Une étude de Hull (2017) le confirme : le camouflage social chez les adolescents autistes est directement corrélé à des niveaux plus élevés d’épuisement, d’anxiété et de dépression.

L’injonction à l’effort : quand on demande l’impossible

Voilà où l’injonction à l’effort devient dévastatrice. Quand ces efforts constants et coûteux en énergie ne sont pas reconnus, quand on continue à leur demander d’en faire plus, les conséquences sur le bien-être de l’adolescent sont graves.

On leur répète : “Fais un effort !”, alors qu’ils en déploient déjà dix fois plus que les autres. “Si tu veux y arriver, il faut te donner les moyens”, alors que leurs moyens sont déjà épuisés avant même d’avoir commencé. “Dans la vie, rien ne vient sans labeur”, alors que pour eux, la vie est déjà une bataille quotidienne.
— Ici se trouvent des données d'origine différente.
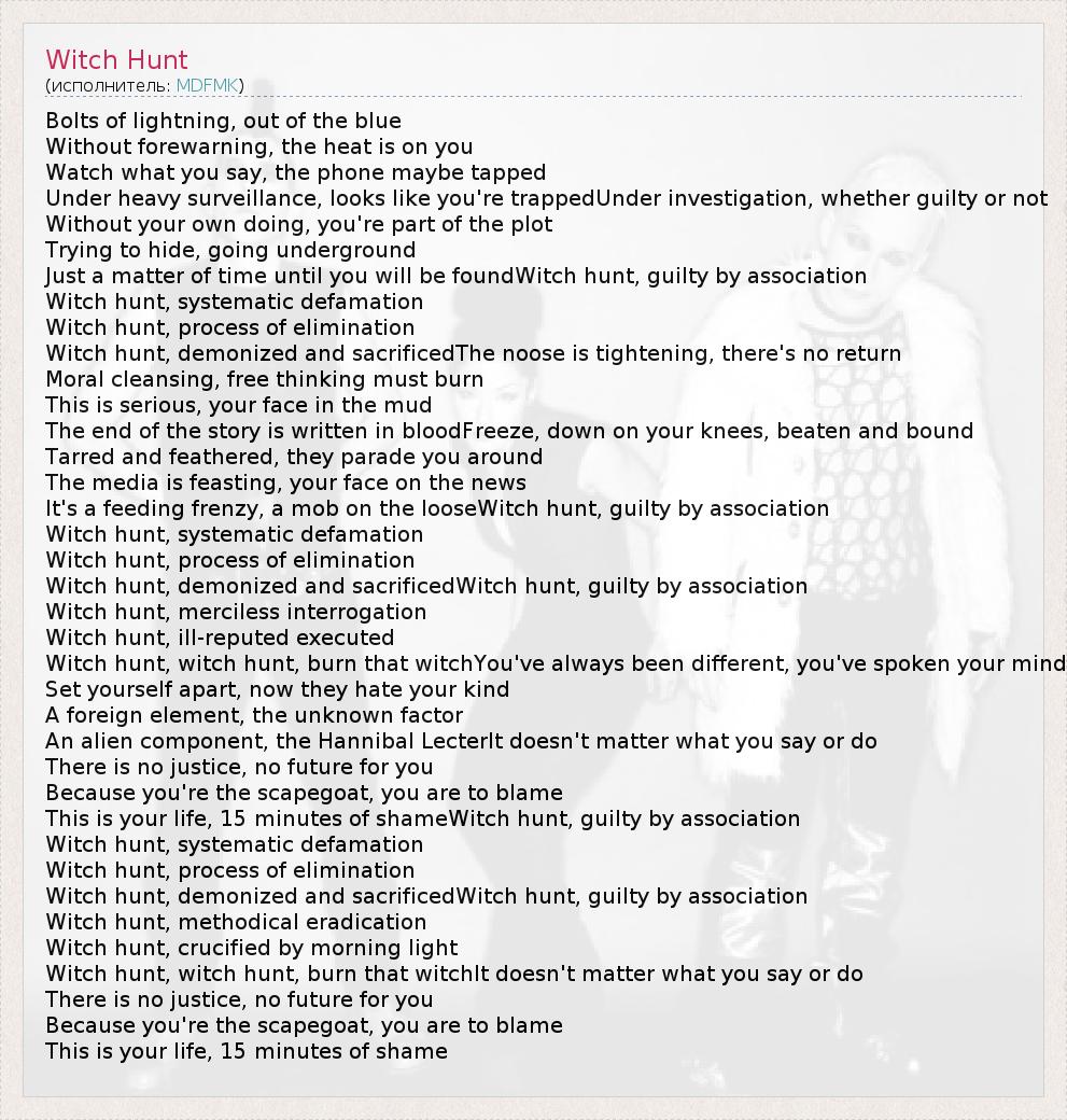 А как ты думаешь, о чем песня "Witch Hunt" ?

Ces messages perpétuent l’idée que la souffrance est normale et que s’ils n’y arrivent pas, c’est qu’ils font mal ou qu’ils n’en font pas suffisamment. Cela entraîne une culpabilisation excessive, un sentiment d’échec permanent, un effondrement de l’estime de soi.

Chloé, quinze ans, HPI et TDAH. Elle comprend tout très vite en cours mais n’arrive pas à rendre ses devoirs à temps. Elle passe des heures à commencer un exercice, paralysée par le perfectionnisme, épuisée par l’effort d’initiation que son cerveau TDAH rend si coûteux. Ses professeurs lui disent qu’elle ne fait pas d’efforts, qu’elle pourrait y arriver si elle le voulait vraiment, qu’elle gâche son potentiel.

Chloé se déteste. Elle pense qu’elle est paresseuse, qu’elle est nulle, qu’elle sabote elle-même sa réussite. Elle ne comprend pas pourquoi c’est si dur pour elle alors que ça semble facile pour les autres. Personne ne lui a expliqué que son cerveau fonctionne différemment, que l’initiation d’une tâche lui coûte dix fois plus d’énergie cognitive qu’à un cerveau neurotypique, que ses difficultés sont neurologiques et pas morales.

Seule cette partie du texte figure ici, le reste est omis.